On the other hand, most of Dr Gernez’s recommendations on caloric restriction, oxygen, exercises, diet and supplementation are all the more reasonable that these proposals have been promoted by holistic oncology advocates for centuries. Though for different reasons than what Dr Gernez invokes. In particular, regarding the acidification-alkalization question and a few other aspects of his carcinogenesis theory, including, but not limited to his ideas on DHEA, which for him ought to be suppressed. For holistic oncology, this hormone, just like the human “growth hormone” are rejuvenation hormones to be respected and holistically encouraged.
Meanwhile, colchicine’s role in helping to prevent cetrain cancers like prostate cancer for gout patients needs to be better demonstrated. Futhermore, in holistic oncology and advanced public health policies, there are many other safer, more efficient and cost friendly options that render all of this colchicine debate moot. (See ACR institute‘s work on these questions).
CONCLUSION
Mainstream scientists and their pharmaceutical sponsors have been characterizing colchicine as a “cancer chemotherapy breakthrough” that could ‘bring hope to millions’, ‘dramatically reduce side-effects’, and ‘kill tumours in one treatment’ (14). Just this language should get our “red warning lights” to blink.
Despite a recent mainstream treatment paradigm shift based on molecularly-targeted therapies and immunotherapy, the majority of patients still receive chemotherapy during their treatment course, either used alone or in combination. Therefore, tubulin inhibitors like colchicine have their place in conventional oncology. (15) And even in integrative oncology, when they are used as Dr Gernez has proposed.
But if we desire an approach to cancer which is even more safe, more efficient, more cost friendly and ends the cancer epidemic, then holistic oncology is the way to go, at least once the public health authorities muster up enough political courage to recognize that a chemical and symptomatic approach to chronic diseases like cancer is a never-ending futulity battle, notwithstanding some improvement. Today’s prevalence of cancer is the result of both the type of society and values we have invested in and the accumulation of stale medical dogmas. To meet this twin challenge will take more time and effort.

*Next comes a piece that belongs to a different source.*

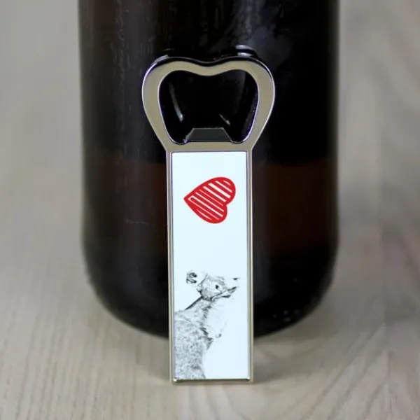 På en dag, der kræver en skål, vil denne åbner gøre fejringen endnu mere behagelig for enhver dyreelsker. Den klassiske oplukker er dekoreret med unik grafik med billedet af en hund, kat eller hest. Produktet har to magneter på bagsiden, takket være hvilke du kan fastgøre gadgetten til køleskabet og altid have den ved hånden. Du kan gøre det endnu mere charmerende ved at sende os et billede af dit kæledyr! Vi udskriver dem i de originale farver eller konverterer dem til “blyantskitse”-versionen, der er synlig i dette tilbud – beslutningen er din.
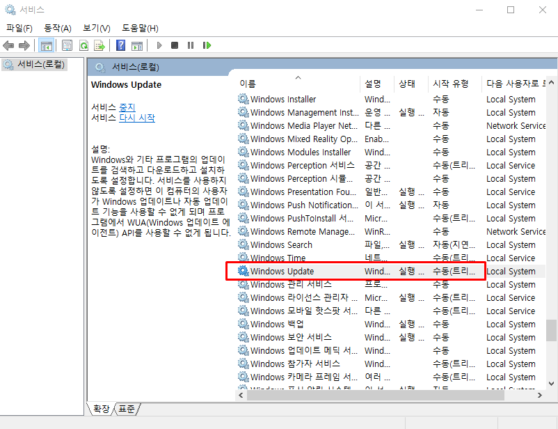 서비스에는 다양한 프로그램이 등록되어 있습니다. 오른쪽 표시창에서 'Windows Update'를 찾습니다.

Pr. Joubert (HOM producer)
Top: Colchicine’s molecular structure
REFERENCE AND PRECISION NOTES
(1). During the fall, Naked Ladies like to make their appearances in the garden! Naked Lady is a nickname for Autumn Crocus, a popular fall-flowering bulb. The cheeky name comes from the fact that these flowers will emerge from the ground without leaves during the fall months, looking bare or naked. Autumn crocuses are easily identified by their large, showy globlet-shaped flowers blooming on bare stems. Flowers, which come in shades of pink, purple and white, are native to European and North African meadows. These fall-blooming flowers will add colour and beauty to any garden. They would would be ideal for rock gardens or among other low-growing plants. Naked ladies prefer sunny but sheltered locations, along with fertile, well-drained soils. Interestingly, while the Autumn crocus and the spring-flowering crocus may look similar, they are not related. The Autumn crocus is not a true crocus. The spring flowering crocus, which is considered a true crocus, belongs to Iridaceae, the iris family. Another difference is that the spring crocus is harmless, while the Autumn Crocus is poisonous to both animals and humans, as it contains colchincine, a deadly toxin which has been the object of medicinal use. Some bickers mistakingly eat this “naked lady” thinking it is wild garlic. This ingestion can be fatal. (Source)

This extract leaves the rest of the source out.